In the Introduction, which is rather short, it would be useful to include one or two paragraphs referencing evidence that both Toxoplasma infection and maternal separation models are prone to environmental modification. One of the included references (Koe et al., Transl Psychiatry 2016) is an example of environmental modification of a robust maternal separation-induced adult phenotype. See also Sahafi E et al., Physiol Behav 2018 as another example of an external modifier of anxiety behaviour.

This manuscript is limited in that there is no molecular data to be paired with the interesting behavioural phenotype. A comparison of monoamine-relevant genes ala Récamier-Carballo S et al., Behav Pharmacol 2017 would have been ideal. But this can be speculated upon in the Discussion. Could also mention the involvement of environment-induced epigenetic changes, see McCoy CR et al., Eur J Neurosci 2016 : DNA methylation changes in the hippocampus.

The major shortcoming of this manuscript is that I am unsure about how one would go about quantifying structural disturbances. Is it based solely on the unexpected behavioural phenotype observed? Or has the phenotypes consistently shifted during the stated period before returning to “normal”? Have there been anecdotal accounts of construction noise in the rodent facility? Is there any data about building vibrations? (Civil engineers would have the equipment to measure structural vibrations).
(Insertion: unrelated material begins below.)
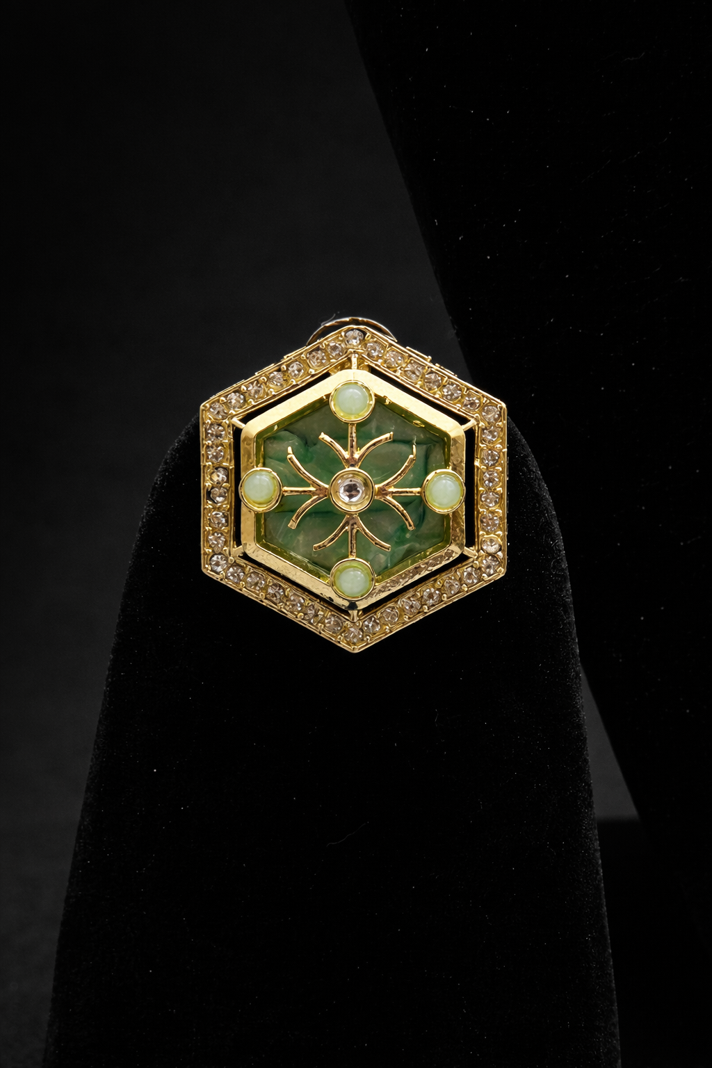 • Stones: Green stones with high-quality moissanite

Assuming the significant external source of variability (as compared to a new experimenter who is a inexperienced at handling rodents and conducting the behavioural tests), it would be useful to include litter sizes and M/F sex ratios. Is there body weight data in the event that feeding behaviour was also altered?

It is unusual to only present EPM data as % entries in open arm. What about total time in open arms as a % of the test duration?
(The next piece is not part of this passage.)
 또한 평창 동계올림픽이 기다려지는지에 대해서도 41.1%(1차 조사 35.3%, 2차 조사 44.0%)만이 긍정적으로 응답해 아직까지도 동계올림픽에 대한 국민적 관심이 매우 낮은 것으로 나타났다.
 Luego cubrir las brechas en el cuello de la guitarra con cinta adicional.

Is it possible to include schematics of the different test arenas for Figure 1? Do the authors have habituation data (total time spent moving, distance travelled) for odor aversion tests? If the infected rats are anxious, they could be observed to display non- or lesser habituation even at baseline in the absence of a predator odor. If this was the case, it would only serve to strengthen the interpretation.
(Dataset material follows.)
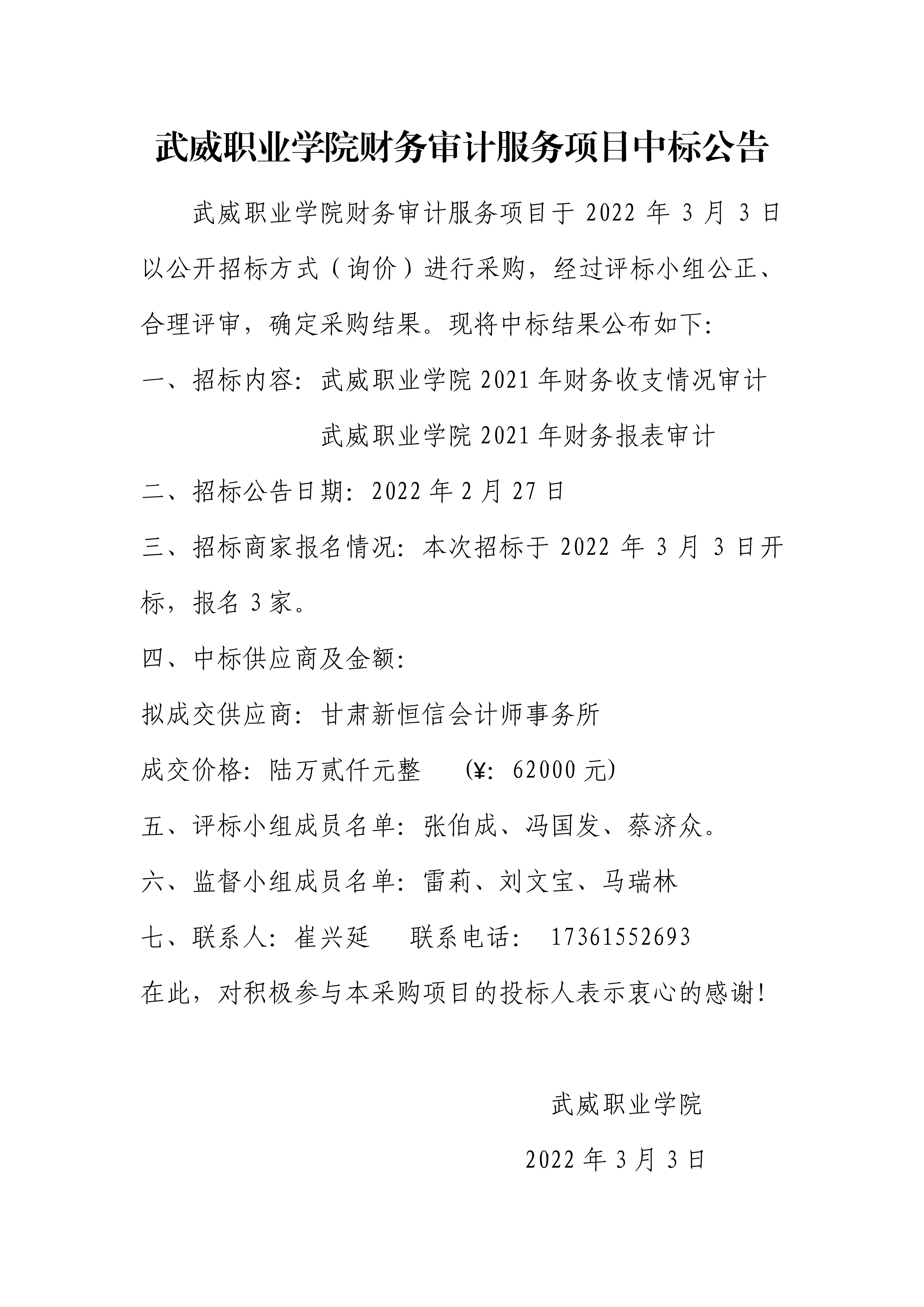 武威職業(yè)學(xué)院財務(wù)審計服務(wù)項目中標公告

I have read this submission. I believe that I have an appropriate level of expertise to confirm that it is of an acceptable scientific standard, however I have significant reservations, as outlined above.

F1000Res. 2017 Dec 27.

Rupshi Mitra ¹

We thank reviewer for suggestions and comments. This has helped us to improve this manuscript during the revision. We have now submitted version 2 of this manuscript to the F1000Research.

Introduction has been modified in version 2 to include prior work showing that effects of Toxoplasma infection and maternal separation are subject to environmental modification (references 12 through 16 in the bibliography).

We have also revised the discussion to include plausible proximate mechanisms including epigenetic changes and monoamines. Please see paragraphs immediately preceding the conclusions.

We now return to the reviewer’s comment about ambivalent nature of quantifying structural disturbances. We have indeed observed return to stress-induced anxiogenesis and Toxoplasma-induced loss of fear once construction project abated. Toxoplasma effects were eventually published (reference 7 in the revised bibliography; DOI: 10.1016/j.bbi.2017.04.005). Same set of experimenters conducted experiments before, during and after the construction project. Thus, congruent stress- and infection- effects before and after construction project suggest that the environmental modification brought about by the construction explains atypical effects in the interim.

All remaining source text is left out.